Transcripts of the monetary policymaking body of the Federal Reserve from 2002–2008.

Thank you, Mr. Chairman. I have the sense that since our last meeting we’ve received a wealth of data but not necessarily a wealth of information. Between the data that have come in and the conversations that I’ve had with my District contacts in the past six weeks, I’m a little more confident about the outlook for real growth, and I view the inflation outlook as unchanged. Housing is an example of having more data, but not necessarily more information. Though some aspects of the residential housing data have been encouraging, neither futures on housing prices nor reports that I have received from people in the business suggest that the slowdown in that sector will end any time soon. Despite that, it still looks as though the spillovers to consumer spending and financial markets have been limited. At our last meeting, there was also some uncertainty regarding the health of the manufacturing sector. For the most part, the intermeeting data have been favorable for the manufacturing sector. The industrial production numbers, for example, have been strong, but manufacturing employment remains flat.

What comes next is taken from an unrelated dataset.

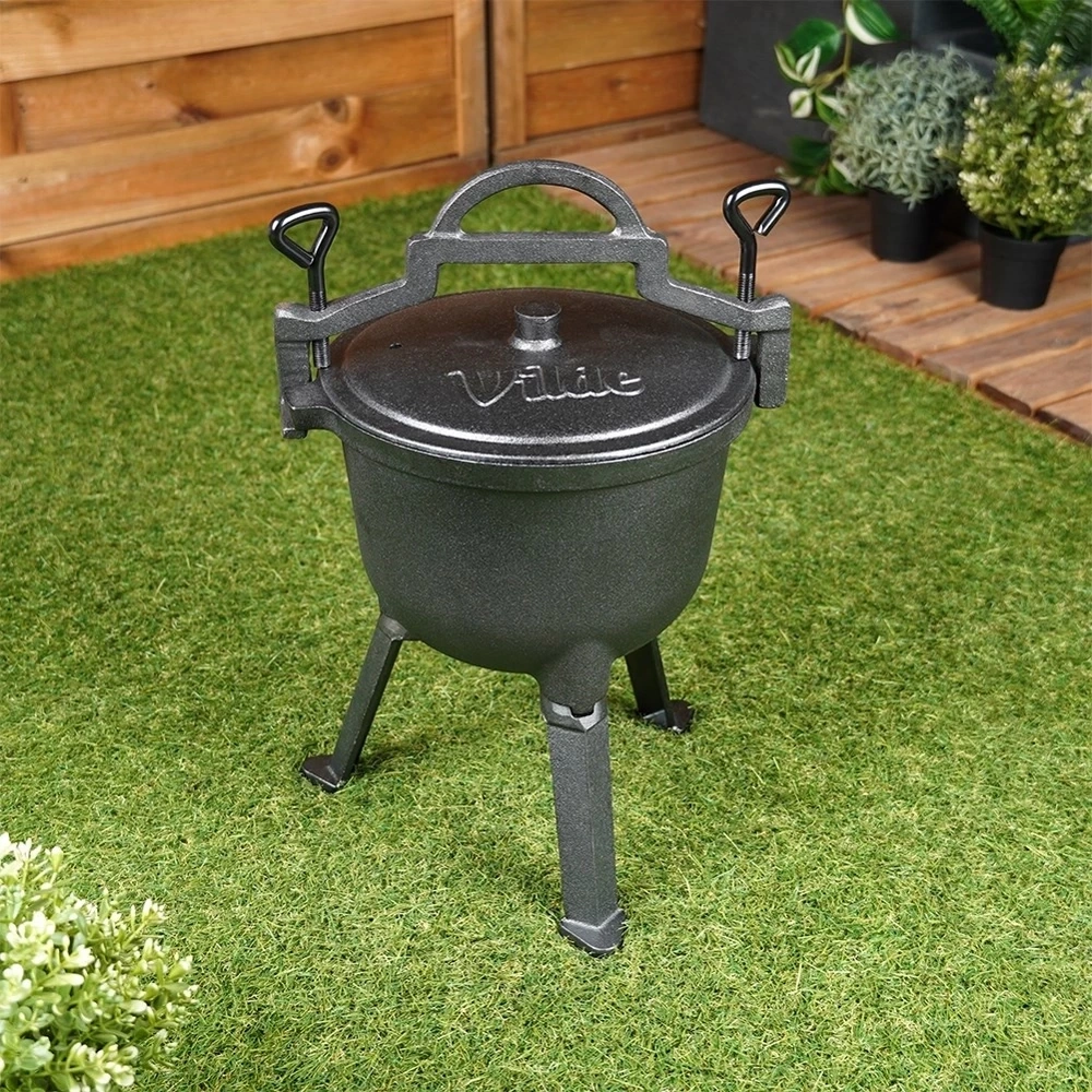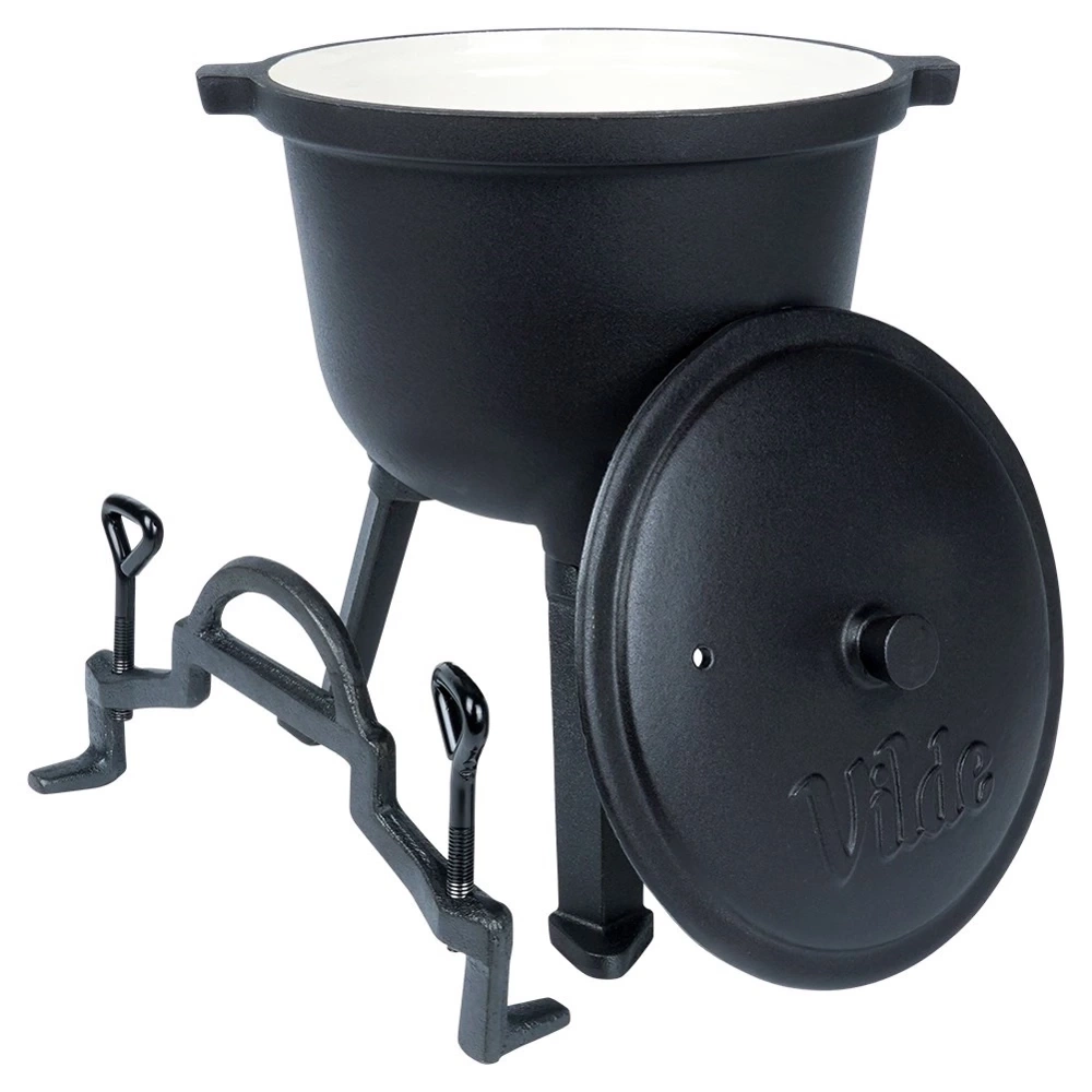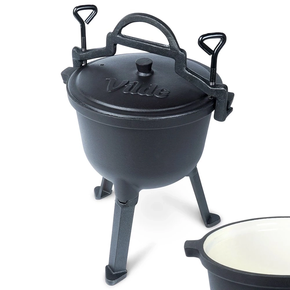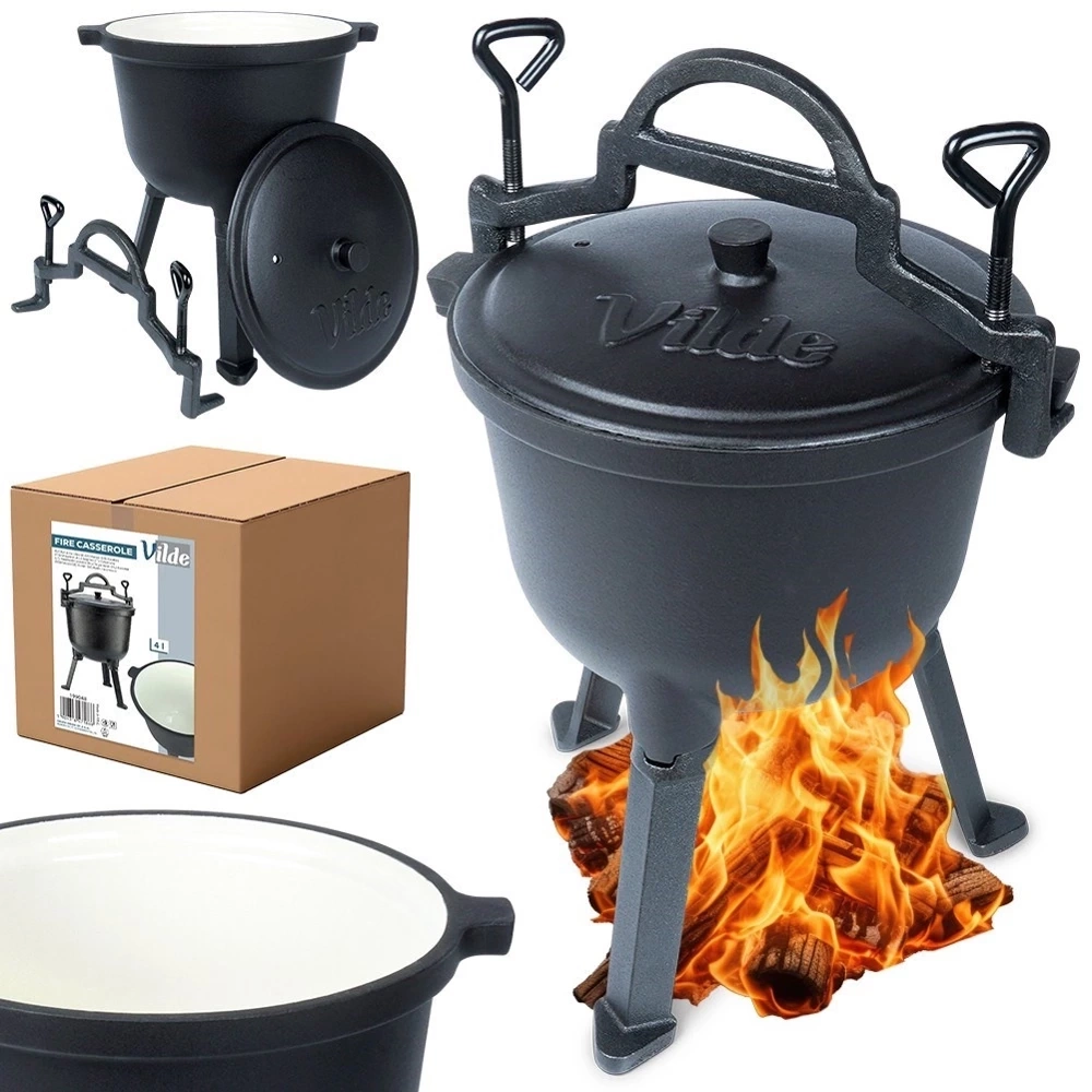 Okrągły kociołek żeliwny na nóżkach z pokrywką i uchwytem do zawieszenia, posiada emaliowany środek. Idealny do gotowania, pieczenia, duszenia oraz smażenia potraw na ognisku, grillu lub nad otwartym ogniem. Potrawy przygotowane w kociołku będą soczyste i aromatyczne. Przydatny w trakcie różnego rodzaju spotkań, uroczystości czy imprez organizowanych na świeżym powietrzu. Oryginalny produkt marki Vilde z linii Cast Line. Wyprodukowano zgodnie z europejskimi standardami.

The usual story that makes sense of these disparate trends is the continuing strength in manufacturing productivity. But I’d like to mention another element in the picture—others have mentioned it this morning—and that’s the skills mismatches. My directors and business contacts in the manufacturing sector tell me that they have jobs available but that they face great difficulty in filling those jobs because they can’t find people with the right skills. Interestingly, as was mentioned in the staff presentation earlier, the JOLTS data show openings as rising, and that’s also true in the manufacturing sector. Openings have been rising over the past two years. This news really isn’t so good per se, but it does suggest that at least some of the sluggishness in manufacturing job growth is coming out of the structural elements in the labor markets and is not purely a cyclical decline in aggregate demand. In a somewhat related vein, according to the National Association of Colleges and Employers, college placements are up 17 percent this year, the strongest showing since 2001. The story is that relatively high profits and good business prospects are driving up demand. We also understand from the Ohio governor’s office that last year, although sales tax receipts were lower, income tax receipts were stronger than expected.

These bits and pieces combined with some of the positive news in the aggregate data reports in the past couple of months make me somewhat less worried about the downside risks to economic growth than I was at the last meeting. I don’t want to go overboard on this. I had that feeling several times last year only to be subsequently moved in the other direction. It is hard to tell whether some of this good news has been related to weather—that is, some spring activity might have shifted into the fourth quarter.

On the inflation front, both the official data and the anecdotal stories from my contacts continue to provide some encouragement that core inflation will moderate over the next year, but the data are not yet entirely convincing. My staff has noted that for most of 2006, especially in the later half of the year, the growth rates of individual CPI components exhibited a bimodal distribution. On an expenditure-weighted basis, most components were either falling in price or rising at a troubling rate. Very few CPI components were rising at a pace that the CPI tells us is about average. This pattern is highly unusual, and I don’t know what to make of it, except to say that it does make it more difficult to tell which way the inflation trend is leaning.

My only material difference of opinion with the staff baseline projection concerns the assumption about labor supply. Economywide, there is some reason to think that aggregate labor supply is more abundant than the Greenbook baseline contemplates. Labor force participation rates for most demographic groups have been running stronger than the staff has been expecting, indicating that the growth of potential output could lie somewhat above the Greenbook estimate. That’s what I am assuming, and therefore I get a slightly better combination of output and inflation .

In the end, my outlook for the economy hasn’t changed. The general contours of the forecast for a modest slowdown in growth coupled with a very gradual decline in core inflation make sense to me. However, I have lowered just slightly my assessment of the risk that real growth will fall short of my projection, and I have not changed my risk assessment of inflation. There’s still a notable risk that year-over-year changes in inflation might remain stuck where they are today as opposed to drifting down half a point or so over time as I would prefer. Thank you, Mr. Chairman.